Mario Monti: È vero che il differenziale Btp/Bund è tornato ai livelli di ottobre-novembre... Ma a quel tempo la Bce (Banca centrale europea, n.d.r.) era costretta a massicci interventi sui mercati per tenere basso lo spread, mentre oggi questi acquisti sono ridotti al minimo: non si può fare assolutamente un confronto, non sarebbe corretto... Adesso siamo senza la rete della Bce e l’Italia si tiene a galla da sola. (La Repubblica, giovedì 29 dicembre 2011). Hahaha... Lo riconosciamo: questo fa ridere con molto più stile del Berlusconi.
Per la serie Difensori dei Lavoratori: l’Ichino quando difendeva i Lavoratori insieme al Sacconi.
Pietro Ichino: La verità è che oggi la riduzione degli organici, mediante licenziamento collettivo o individuale, di fatto si può fare soltanto quando l’impresa è già in crisi, altrimenti il rischio per l’impresa di una sentenza negativa è altissimo. In un tessuto produttivo sano, invece, l’aggiustamento deve poter avvenire prima, per prevenire la crisi. Traduzione: A costo di sembrare un occulto stipendiato o un servo sciocco delle tirannie finanziarie globali, non dirò neanche sotto tortura che le aziende in realtà vanno in crisi perché le tirannie finanziarie le strangolano per costringerle ad accrescere a dismisura i dividendi degli azionisti, che sono per la maggior parte le tirannie medesime; dirò, invece, che le aziende vanno in crisi perché non possono licenziare i lavoratori. Dirò, cioè, che sono i lavoratori i colpevoli delle crisi e della Crisi.

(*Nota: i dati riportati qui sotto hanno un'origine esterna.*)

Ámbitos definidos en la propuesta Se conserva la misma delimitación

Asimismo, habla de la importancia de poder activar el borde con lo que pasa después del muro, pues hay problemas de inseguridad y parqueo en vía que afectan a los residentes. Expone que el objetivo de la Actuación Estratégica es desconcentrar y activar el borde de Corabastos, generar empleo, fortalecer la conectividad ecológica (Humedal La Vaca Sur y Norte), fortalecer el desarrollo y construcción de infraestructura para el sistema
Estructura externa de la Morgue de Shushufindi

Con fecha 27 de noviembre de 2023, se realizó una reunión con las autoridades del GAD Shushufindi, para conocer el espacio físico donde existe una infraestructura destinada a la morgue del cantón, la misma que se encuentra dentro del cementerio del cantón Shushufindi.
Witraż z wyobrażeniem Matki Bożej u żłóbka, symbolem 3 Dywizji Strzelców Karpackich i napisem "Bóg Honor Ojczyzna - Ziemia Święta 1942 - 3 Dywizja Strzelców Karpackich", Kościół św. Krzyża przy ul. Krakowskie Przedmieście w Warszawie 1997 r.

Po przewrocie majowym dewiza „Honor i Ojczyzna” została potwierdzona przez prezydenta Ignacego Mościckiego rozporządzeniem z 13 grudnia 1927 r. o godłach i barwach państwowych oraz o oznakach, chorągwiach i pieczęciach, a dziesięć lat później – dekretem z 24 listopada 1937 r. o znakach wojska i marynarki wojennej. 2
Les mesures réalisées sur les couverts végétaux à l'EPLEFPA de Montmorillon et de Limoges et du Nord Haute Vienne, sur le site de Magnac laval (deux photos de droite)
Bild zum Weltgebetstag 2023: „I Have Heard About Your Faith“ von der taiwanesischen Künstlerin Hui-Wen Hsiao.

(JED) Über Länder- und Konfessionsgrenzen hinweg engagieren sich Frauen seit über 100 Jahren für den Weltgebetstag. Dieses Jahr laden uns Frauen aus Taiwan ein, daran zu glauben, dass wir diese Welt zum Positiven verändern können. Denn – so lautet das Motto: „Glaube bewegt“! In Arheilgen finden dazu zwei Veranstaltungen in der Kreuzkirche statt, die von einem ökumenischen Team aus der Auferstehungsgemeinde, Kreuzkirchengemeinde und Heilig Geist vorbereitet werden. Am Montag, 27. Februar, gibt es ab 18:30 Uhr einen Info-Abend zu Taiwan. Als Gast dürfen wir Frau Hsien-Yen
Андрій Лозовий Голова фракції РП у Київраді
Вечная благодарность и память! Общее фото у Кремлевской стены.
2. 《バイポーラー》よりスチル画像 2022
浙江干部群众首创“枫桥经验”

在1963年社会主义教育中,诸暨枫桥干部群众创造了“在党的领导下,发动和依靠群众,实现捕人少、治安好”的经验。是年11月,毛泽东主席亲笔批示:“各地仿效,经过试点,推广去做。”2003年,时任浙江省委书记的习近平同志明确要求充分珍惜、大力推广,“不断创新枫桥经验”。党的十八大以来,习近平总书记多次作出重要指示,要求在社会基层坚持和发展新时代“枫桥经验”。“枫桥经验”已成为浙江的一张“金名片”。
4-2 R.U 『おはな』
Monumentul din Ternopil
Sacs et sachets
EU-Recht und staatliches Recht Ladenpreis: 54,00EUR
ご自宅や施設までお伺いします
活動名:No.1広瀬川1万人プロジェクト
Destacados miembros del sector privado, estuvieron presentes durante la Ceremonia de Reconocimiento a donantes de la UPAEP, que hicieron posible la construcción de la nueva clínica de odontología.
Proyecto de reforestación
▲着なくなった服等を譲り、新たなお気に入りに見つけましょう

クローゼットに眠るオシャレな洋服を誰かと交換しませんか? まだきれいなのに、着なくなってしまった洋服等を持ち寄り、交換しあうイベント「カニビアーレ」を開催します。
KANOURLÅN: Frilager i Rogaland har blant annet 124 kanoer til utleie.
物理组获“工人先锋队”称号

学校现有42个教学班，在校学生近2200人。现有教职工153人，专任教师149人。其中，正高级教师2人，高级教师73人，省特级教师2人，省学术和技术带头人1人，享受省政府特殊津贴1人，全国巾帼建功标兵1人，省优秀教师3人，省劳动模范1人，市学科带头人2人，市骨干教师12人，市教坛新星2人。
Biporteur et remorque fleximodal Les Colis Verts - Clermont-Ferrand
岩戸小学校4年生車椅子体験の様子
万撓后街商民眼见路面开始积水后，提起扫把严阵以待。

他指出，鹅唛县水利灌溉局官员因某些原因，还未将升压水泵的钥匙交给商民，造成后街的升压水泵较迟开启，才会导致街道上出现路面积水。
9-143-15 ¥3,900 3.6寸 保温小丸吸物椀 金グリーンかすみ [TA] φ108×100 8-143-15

Farò ridere, sostenendo tesi assurde come questa? Non importa: se vinceranno le tirannie finanziarie, riderà bene chi riderà per ultimo. Se si offre alle imprese maggiore flessibilità, si può chiedere loro di farsi carico di un trattamento complementare di disoccupazione, necessario per portare il nostro trattamento complessivo ai livelli del nord-Europa. Per altro verso, questo stesso schema consente di affidare alle imprese di scegliere il migliore servizio di assistenza al lavoratore licenziato e di attivare un controllo efficace sulla sua disponibilità per tutto quanto è necessario per il reperimento della nuova occupazione. (L’Unità, giovedì 29 dicembre 2011). Traduzione: Se pensate che vogliamo rendere schiavi i lavoratori ampliando la possibilità dei padroni di ricattarli con la minaccia del licenziamento, sbagliate per difetto: quello è solo l’inizio, ma i lavoratori non saranno davvero schiavi finché non riusciremo a far sì che le imprese (cioè le tirannie finanziarie che le dominano) abbiano il pieno controllo dell’intera esistenza dei lavoratori.